Record extracts =>

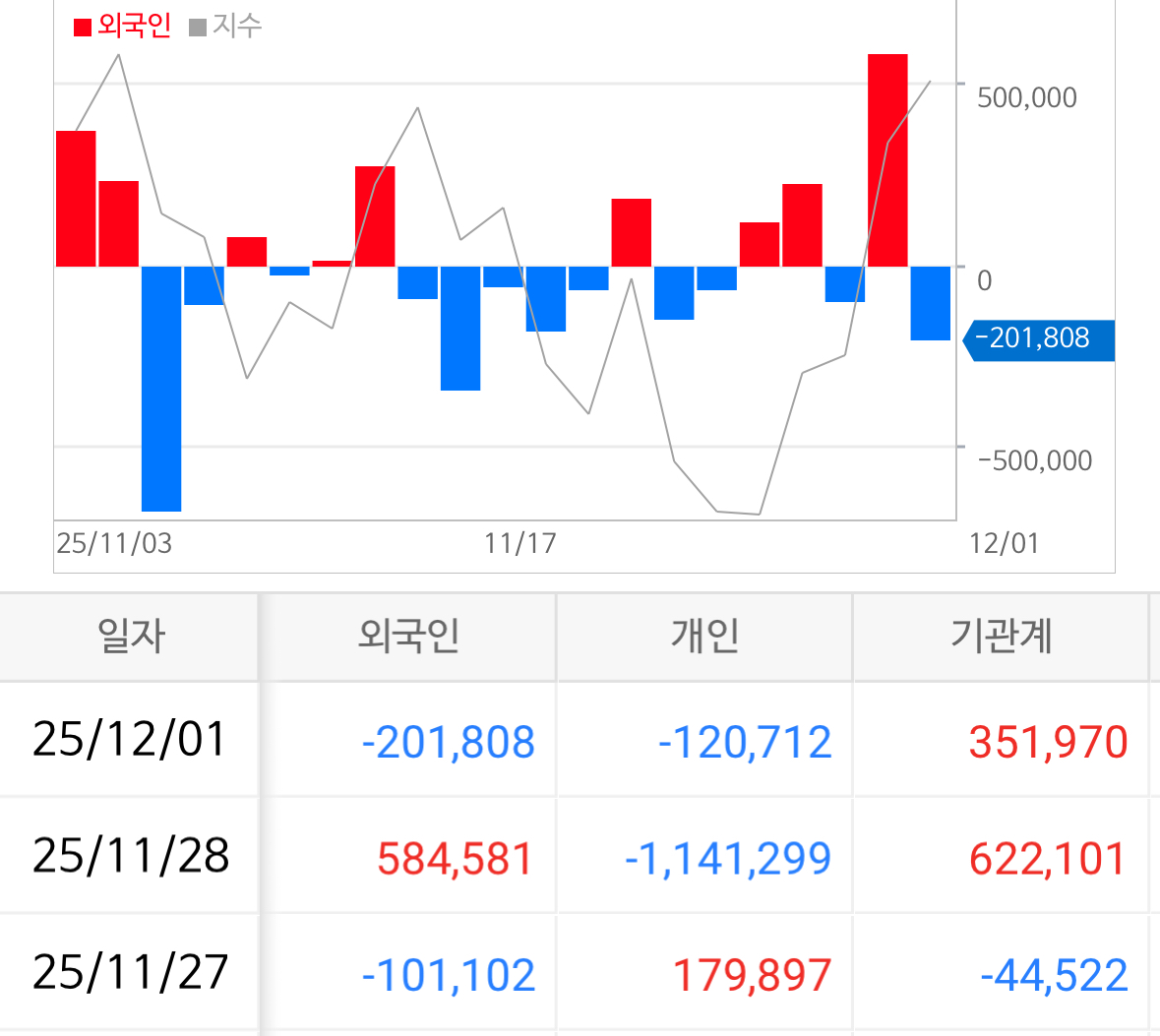 코스닥에서 버거형은 2,018억이나 매도하였지만 기관형이 3,520억을 매도하며 케어하는 모습.
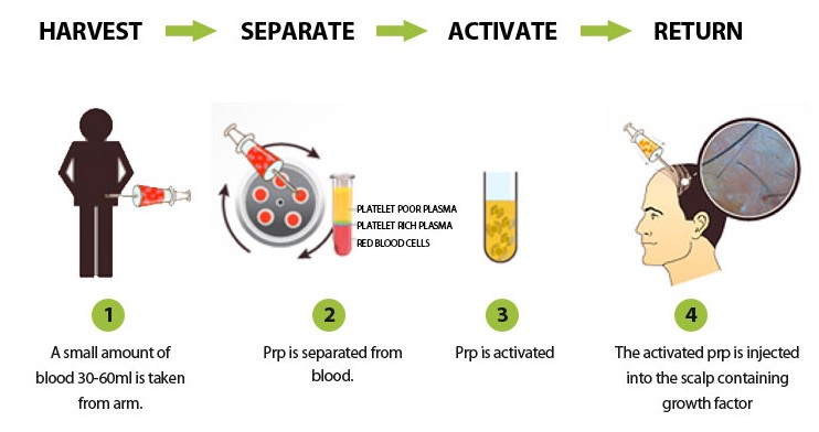 PRP is used in many medical fields such as dentistry, sports medicine, and of course cosmetic surgery. Hair loss clinics use it to treat pattern baldness both in women and men. PRP relies on the collection of the patient’s own blood before the blood goes through two centrifugation processes. The resulting plasma can have a five-fold concentration of platelets than normal blood. PRP contains several types of growth factors (e.g. epidermal growth factor, insulin-like growth factors, connective tissue growth factors, etc.), which are believed to stimulate dormant hair follicles to resume their growth. PRP works by injecting the platelet enhanced plasma into the patient’s scalp.
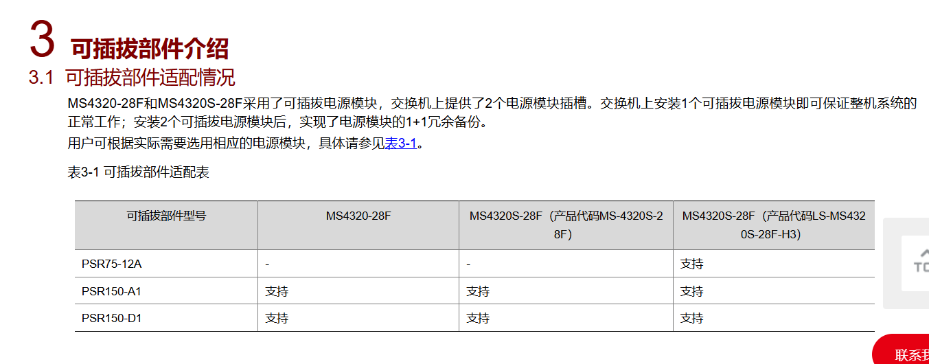 交换机型号为MS4320-28F,查询官网资料适配电源型号为PSR150-A1。
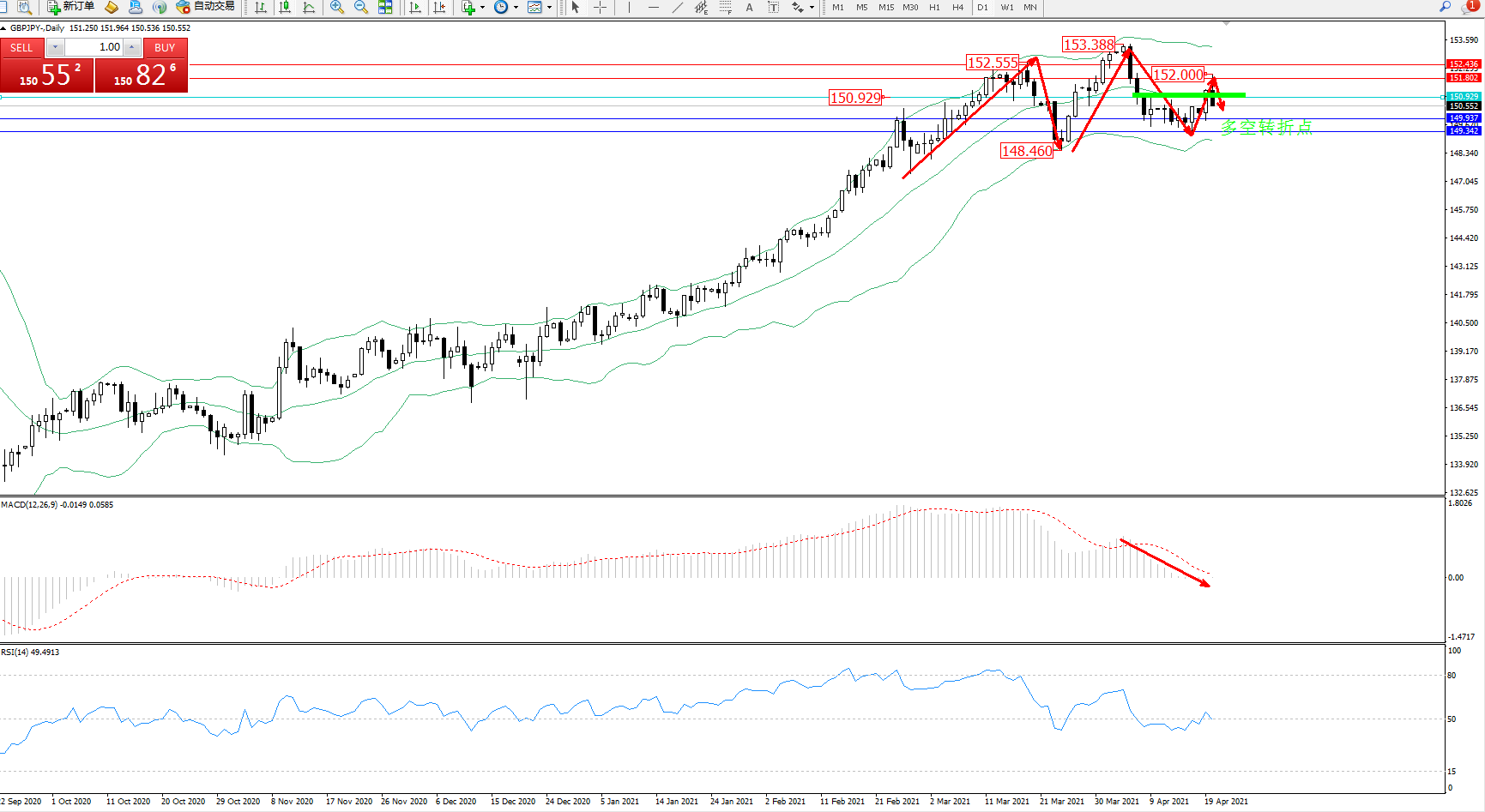 备选策略:150.929上方看涨,目标151.802、152.436
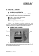 III. INSTALLATION A. CHECK CONTENTS When you unpack carefully the carton that delivers PP2000 series printer, you will find it contains several items as illustrated below. l l l l PP2000 2 - station receipt / journal printer Two rolls of paper roll sample One set of ribbon Power adaptor with power cord (option) If there is any discrepancy or problem, contact your dealer immediately. Be sure to save the packing materials in the event that the printer may need to be shipped at some point in the future. B.
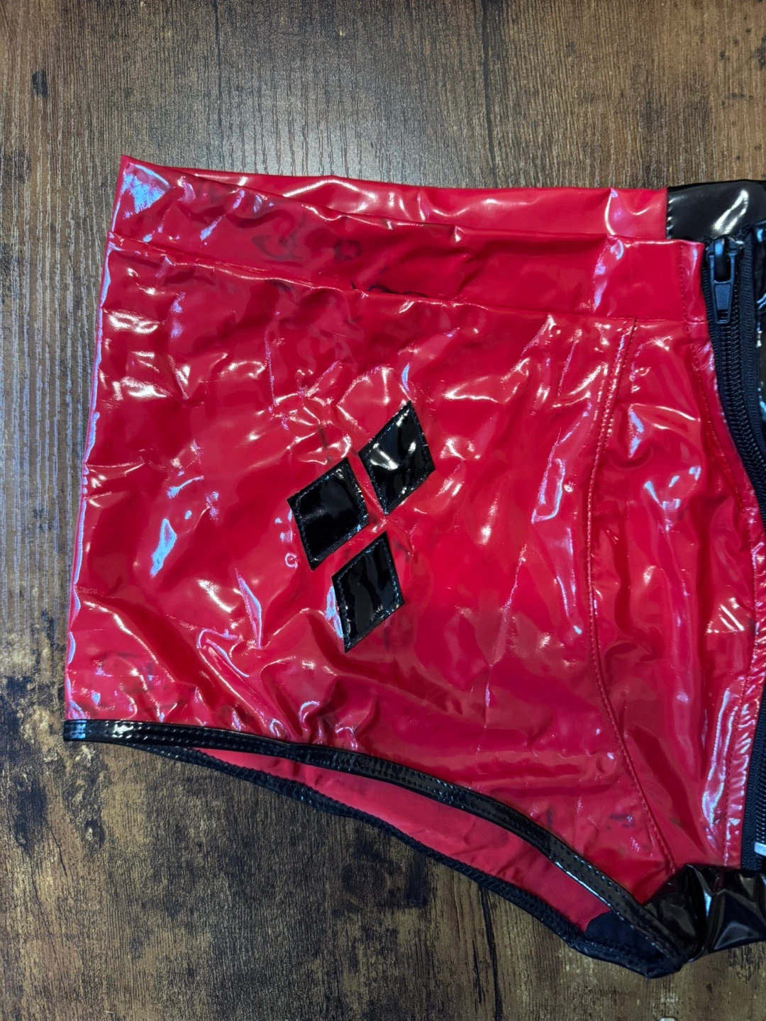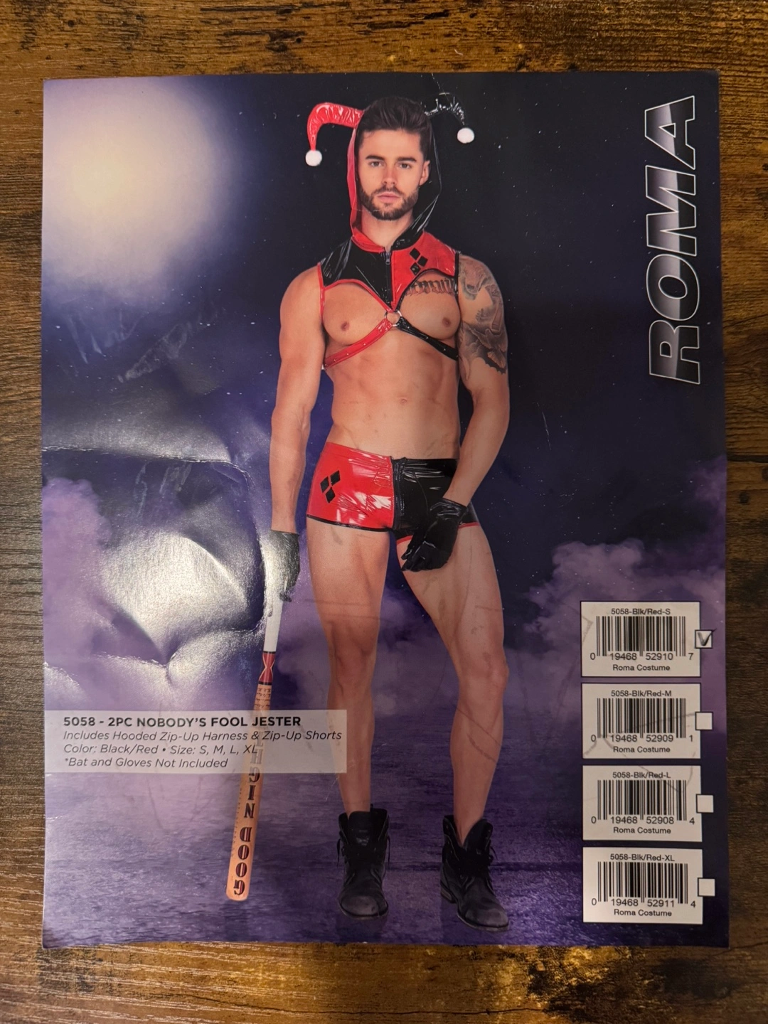 This vibrant jester costume brings character and charm, with some minor staining on the red parts that might be removable but also adds a bit of a weathered, authentic look. Please note that the bat and gloves are not included, making it a great base for your creative touches.
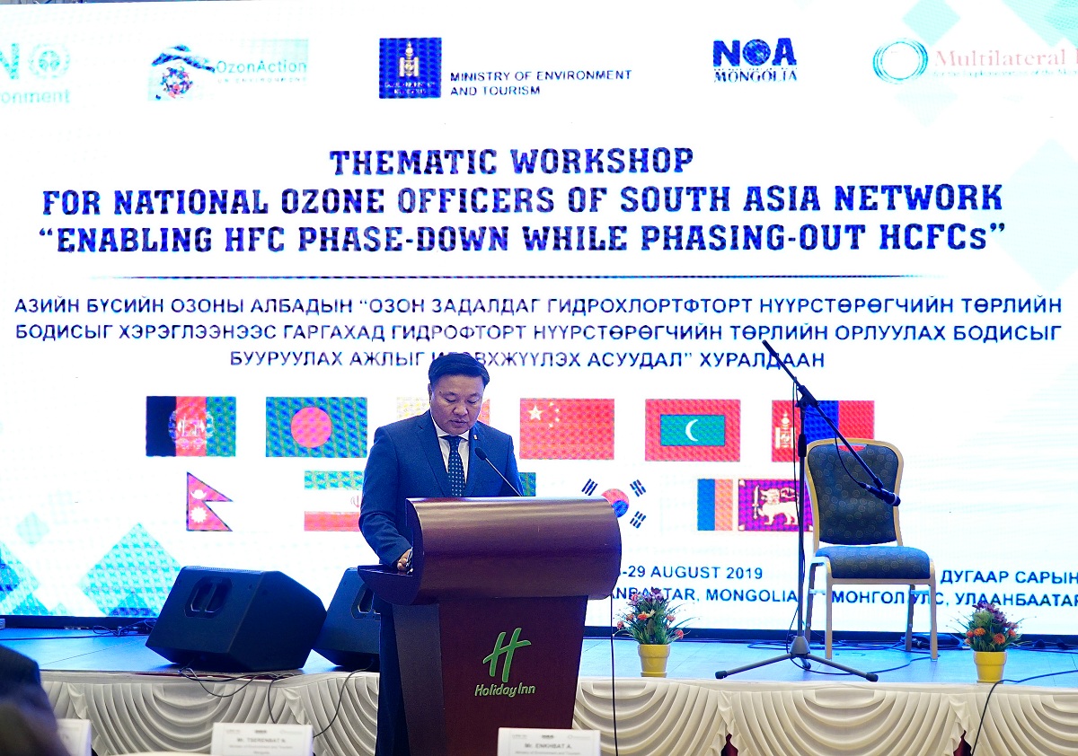 Азийн бүсийн Озоны албадын “Озон задалдаг гидрохлортфторт нүүрстөрөгчийн төрлийн бодисыг хэрэглээнээс гаргахад гидрофторт нүүрстөрөгчийн төрлийн орлуулах бодисыг бууруулах ажлыг идэвхжүүлэх асуудал” хуралдаан Монгол Улсад зохион байгуулагдаж байна. Энэ сарын 26-29-ны өдрүүдэд үргэлжлэх тус хурлыг Байгаль орчин, аялал жуулчлалын сайд Н.Цэрэнбатын нээж үг хэллээ.
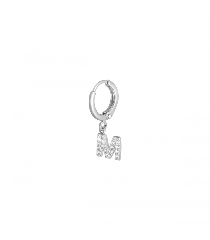 Zilverkleurige oorbel met zirkonia steentjes en initiaal M

Activity =>
From the very first line of the listing above through the line that holds "备选策略:150.929上方看涨,目标151.802、152.436", write out each line exactly as it stands, leaving pictures out.

Solution to the problem =>
 코스닥에서 버거형은 2,018억이나 매도하였지만 기관형이 3,520억을 매도하며 케어하는 모습.
 PRP is used in many medical fields such as dentistry, sports medicine, and of course cosmetic surgery. Hair loss clinics use it to treat pattern baldness both in women and men. PRP relies on the collection of the patient’s own blood before the blood goes through two centrifugation processes. The resulting plasma can have a five-fold concentration of platelets than normal blood. PRP contains several types of growth factors (e.g. epidermal growth factor, insulin-like growth factors, connective tissue growth factors, etc.), which are believed to stimulate dormant hair follicles to resume their growth. PRP works by injecting the platelet enhanced plasma into the patient’s scalp.
 交换机型号为MS4320-28F,查询官网资料适配电源型号为PSR150-A1。
 备选策略:150.929上方看涨,目标151.802、152.436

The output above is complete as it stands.